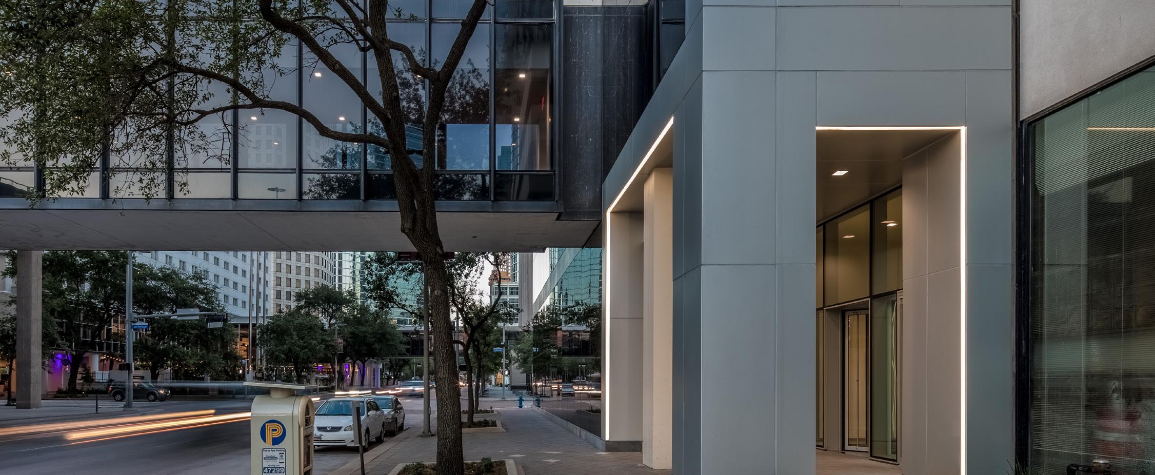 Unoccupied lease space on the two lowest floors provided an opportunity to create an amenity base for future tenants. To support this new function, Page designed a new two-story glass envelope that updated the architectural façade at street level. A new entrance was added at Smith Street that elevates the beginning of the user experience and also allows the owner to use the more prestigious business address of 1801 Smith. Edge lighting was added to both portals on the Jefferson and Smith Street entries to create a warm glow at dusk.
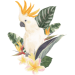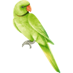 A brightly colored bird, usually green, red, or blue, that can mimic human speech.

* * *

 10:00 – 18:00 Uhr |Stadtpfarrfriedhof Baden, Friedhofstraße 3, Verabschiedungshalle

--

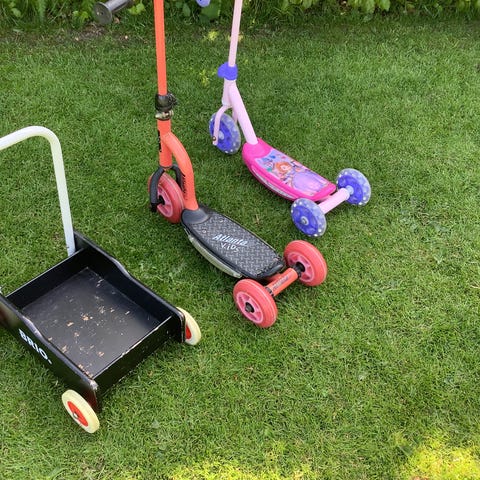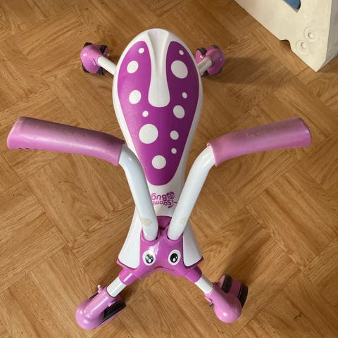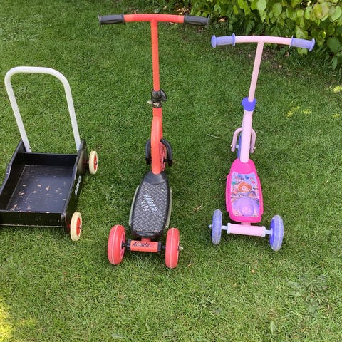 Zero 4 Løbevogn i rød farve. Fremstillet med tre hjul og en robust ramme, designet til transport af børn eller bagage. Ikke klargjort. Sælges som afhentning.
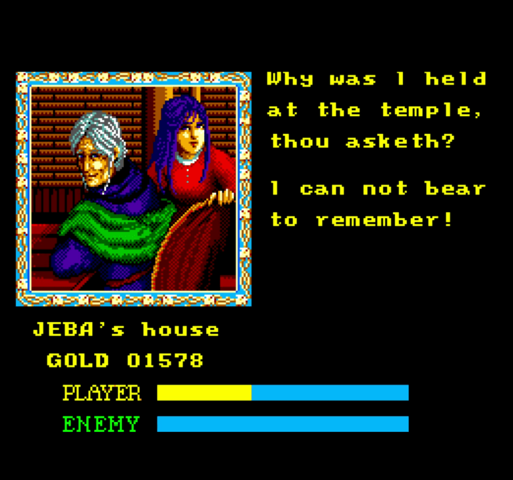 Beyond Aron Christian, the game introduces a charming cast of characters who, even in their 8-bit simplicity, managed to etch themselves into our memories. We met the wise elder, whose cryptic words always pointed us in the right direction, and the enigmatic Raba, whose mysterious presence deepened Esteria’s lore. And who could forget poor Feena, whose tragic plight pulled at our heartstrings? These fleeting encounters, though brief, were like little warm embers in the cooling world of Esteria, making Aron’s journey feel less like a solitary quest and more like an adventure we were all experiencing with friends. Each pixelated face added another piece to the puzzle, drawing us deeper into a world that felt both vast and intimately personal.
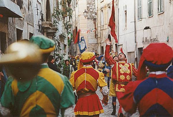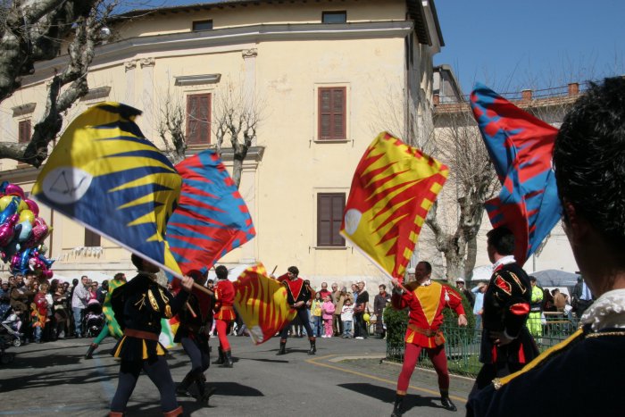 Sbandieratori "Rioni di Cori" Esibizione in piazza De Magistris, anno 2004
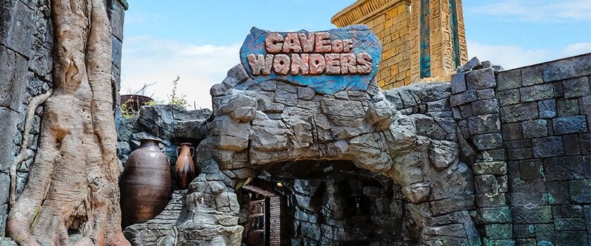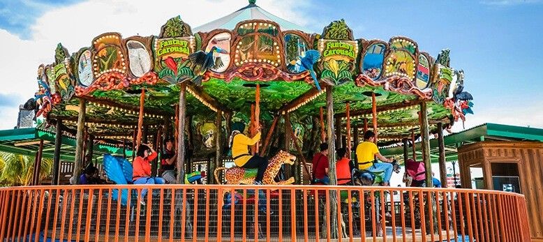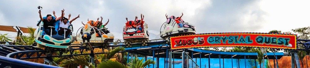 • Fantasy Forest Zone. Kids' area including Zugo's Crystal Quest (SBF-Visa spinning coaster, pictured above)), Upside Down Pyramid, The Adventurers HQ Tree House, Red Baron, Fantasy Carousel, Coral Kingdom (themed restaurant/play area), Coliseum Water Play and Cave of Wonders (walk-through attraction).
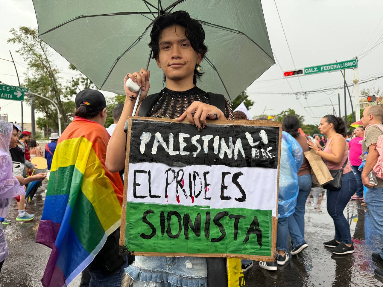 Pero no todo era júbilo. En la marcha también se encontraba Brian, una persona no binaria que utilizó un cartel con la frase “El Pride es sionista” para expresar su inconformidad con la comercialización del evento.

▶ THE TASK:
Your answer must be everything above from the line with "Unoccupied lease space" down to the line with "A brightly colored", word for word, and no pictures.

▶ SOLUTION TO THE EXERCISE:
 Unoccupied lease space on the two lowest floors provided an opportunity to create an amenity base for future tenants. To support this new function, Page designed a new two-story glass envelope that updated the architectural façade at street level. A new entrance was added at Smith Street that elevates the beginning of the user experience and also allows the owner to use the more prestigious business address of 1801 Smith. Edge lighting was added to both portals on the Jefferson and Smith Street entries to create a warm glow at dusk.
 A brightly colored bird, usually green, red, or blue, that can mimic human speech.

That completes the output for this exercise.